Nazi Propaganda Themes from The 1930s
Propaganda is the dissemination of biased or misleading information. It is a tool used to influence large groups of people so as to promote a political cause. The Nazi regime, which was an authoritarian regime, used propaganda to ensure that power was consolidated in the party. One of the main themes of Nazi propaganda was the theme of appeal to national unity. This was based upon the principle ‘The community before the individual’. It allowed the Nazis to consolidate power and ensure that their aims were coordinated with those of the German people. The propaganda of national unity was to help break down social and class divisions among the people and unite them behind the state (Welch, 2007).
Another theme of Nazi propaganda is the theme of racial struggle and German pride. This was so that racial purity and superiority of the Aryan race could be accentuated. It allowed the Nazis to dehumanize the Jews and Slavs in Germany. Racial propaganda was intended to bring the nation to a shared awareness of its ethnic unity (Welch, 2007). In Mein Kampf, Hitler argued that racial purity would safeguard the future cultural progress of the German people.

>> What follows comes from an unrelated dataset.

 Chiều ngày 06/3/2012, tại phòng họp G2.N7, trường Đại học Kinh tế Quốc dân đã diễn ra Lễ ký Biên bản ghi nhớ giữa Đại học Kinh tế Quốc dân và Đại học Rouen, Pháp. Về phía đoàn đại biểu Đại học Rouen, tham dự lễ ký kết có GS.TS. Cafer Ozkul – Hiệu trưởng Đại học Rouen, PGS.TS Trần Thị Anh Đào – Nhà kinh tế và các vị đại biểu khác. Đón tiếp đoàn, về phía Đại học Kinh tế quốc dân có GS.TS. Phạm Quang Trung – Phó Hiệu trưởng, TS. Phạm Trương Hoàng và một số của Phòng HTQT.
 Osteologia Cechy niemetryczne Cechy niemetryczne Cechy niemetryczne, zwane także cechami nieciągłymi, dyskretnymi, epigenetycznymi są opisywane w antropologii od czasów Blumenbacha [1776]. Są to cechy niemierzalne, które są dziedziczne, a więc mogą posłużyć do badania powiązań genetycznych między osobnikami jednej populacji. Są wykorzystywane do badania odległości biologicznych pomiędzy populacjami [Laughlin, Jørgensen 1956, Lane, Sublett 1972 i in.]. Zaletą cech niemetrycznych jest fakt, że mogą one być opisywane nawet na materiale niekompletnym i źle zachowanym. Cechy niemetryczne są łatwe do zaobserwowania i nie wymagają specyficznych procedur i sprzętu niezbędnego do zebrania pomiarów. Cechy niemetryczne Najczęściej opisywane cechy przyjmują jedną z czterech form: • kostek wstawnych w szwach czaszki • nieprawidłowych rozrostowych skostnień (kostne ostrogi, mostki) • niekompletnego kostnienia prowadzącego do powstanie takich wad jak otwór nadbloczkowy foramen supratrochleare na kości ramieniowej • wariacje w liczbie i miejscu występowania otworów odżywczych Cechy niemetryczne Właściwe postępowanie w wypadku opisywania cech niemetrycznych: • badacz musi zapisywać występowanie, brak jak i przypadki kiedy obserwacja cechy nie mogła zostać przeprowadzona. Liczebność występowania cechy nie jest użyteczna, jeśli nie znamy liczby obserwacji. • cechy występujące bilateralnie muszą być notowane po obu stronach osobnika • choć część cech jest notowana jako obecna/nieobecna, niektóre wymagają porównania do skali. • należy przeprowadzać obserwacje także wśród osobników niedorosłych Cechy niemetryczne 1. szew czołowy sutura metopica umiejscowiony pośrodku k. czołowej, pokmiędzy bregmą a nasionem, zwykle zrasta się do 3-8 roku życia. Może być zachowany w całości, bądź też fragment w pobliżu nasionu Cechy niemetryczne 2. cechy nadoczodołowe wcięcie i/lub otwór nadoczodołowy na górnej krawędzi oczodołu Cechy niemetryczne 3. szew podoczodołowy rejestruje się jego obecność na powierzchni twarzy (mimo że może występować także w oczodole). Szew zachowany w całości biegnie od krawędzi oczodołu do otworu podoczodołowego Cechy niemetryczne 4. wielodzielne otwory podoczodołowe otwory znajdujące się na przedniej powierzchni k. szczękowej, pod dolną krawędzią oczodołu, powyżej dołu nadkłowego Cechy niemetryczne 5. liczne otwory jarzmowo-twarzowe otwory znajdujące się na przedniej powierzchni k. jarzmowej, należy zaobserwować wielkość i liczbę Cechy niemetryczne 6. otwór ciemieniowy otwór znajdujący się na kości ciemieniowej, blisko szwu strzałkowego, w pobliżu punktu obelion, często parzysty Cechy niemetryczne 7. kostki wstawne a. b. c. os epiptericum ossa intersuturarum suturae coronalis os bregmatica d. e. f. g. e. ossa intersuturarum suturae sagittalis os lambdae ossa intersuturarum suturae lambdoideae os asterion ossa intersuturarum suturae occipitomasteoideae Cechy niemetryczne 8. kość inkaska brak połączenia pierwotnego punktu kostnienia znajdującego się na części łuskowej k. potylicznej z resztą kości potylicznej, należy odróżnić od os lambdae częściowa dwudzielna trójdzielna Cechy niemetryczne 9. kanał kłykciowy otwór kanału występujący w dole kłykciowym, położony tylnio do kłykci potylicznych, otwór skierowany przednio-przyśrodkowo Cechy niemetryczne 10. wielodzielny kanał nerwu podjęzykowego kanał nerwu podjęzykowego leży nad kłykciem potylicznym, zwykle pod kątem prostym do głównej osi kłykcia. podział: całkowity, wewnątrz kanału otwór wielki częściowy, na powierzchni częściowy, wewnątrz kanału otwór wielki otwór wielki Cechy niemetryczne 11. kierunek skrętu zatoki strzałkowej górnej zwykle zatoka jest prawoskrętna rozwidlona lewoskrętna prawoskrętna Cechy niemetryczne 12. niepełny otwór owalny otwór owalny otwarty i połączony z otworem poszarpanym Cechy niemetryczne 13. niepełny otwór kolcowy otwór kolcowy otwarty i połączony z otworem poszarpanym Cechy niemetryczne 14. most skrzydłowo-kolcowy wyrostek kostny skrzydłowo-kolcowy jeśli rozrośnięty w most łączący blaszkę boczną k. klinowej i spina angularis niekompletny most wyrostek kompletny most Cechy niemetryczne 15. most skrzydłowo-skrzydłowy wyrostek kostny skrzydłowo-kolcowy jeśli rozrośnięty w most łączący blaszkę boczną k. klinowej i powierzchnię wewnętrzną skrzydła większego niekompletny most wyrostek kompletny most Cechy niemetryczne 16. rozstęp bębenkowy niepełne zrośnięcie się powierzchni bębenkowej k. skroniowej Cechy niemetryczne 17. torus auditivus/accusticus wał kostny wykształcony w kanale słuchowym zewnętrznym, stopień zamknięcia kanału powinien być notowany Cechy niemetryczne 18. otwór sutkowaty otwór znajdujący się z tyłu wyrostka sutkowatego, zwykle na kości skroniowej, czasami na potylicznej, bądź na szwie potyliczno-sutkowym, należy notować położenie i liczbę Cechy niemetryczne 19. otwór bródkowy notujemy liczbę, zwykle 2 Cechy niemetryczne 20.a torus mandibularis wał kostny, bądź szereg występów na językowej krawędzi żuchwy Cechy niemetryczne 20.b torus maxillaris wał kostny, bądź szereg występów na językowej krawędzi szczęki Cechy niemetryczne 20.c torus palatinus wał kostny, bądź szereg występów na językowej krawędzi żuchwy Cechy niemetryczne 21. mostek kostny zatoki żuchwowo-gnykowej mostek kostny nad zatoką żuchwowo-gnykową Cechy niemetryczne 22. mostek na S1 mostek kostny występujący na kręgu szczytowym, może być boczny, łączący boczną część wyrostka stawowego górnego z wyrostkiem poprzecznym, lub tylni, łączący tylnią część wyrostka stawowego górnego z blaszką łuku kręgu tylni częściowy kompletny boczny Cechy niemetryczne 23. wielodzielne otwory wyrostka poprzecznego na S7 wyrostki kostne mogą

The hatred of enemies was a major theme of propaganda in the 1930s that the Nazis employed. This hatred became centered on Jews and the Bolsheviks. This enabled the Nazis to place the blame for the humiliating defeat of the First World War on the Jews, along with the economic woes that followed. Hitler and Joseph Goebbels fanned anti-Semitism through the press and all forms of media which had been forced to submit to the regime in power. The aim of the propaganda machinery wielded by Goebbels was to bring the German people together in support of the Nazi regime in the quest for total power in Germany. Hitler needed the propaganda messages to get to the uninformed masses so as to gain support from them in his endeavors to turn Germany into the utopian country he envisioned. Eventually propaganda was used to whip up support for the Second World War.
References
Welch, D. (2007). The Third Reich: politics and propaganda (Second ed.). London: Routledge.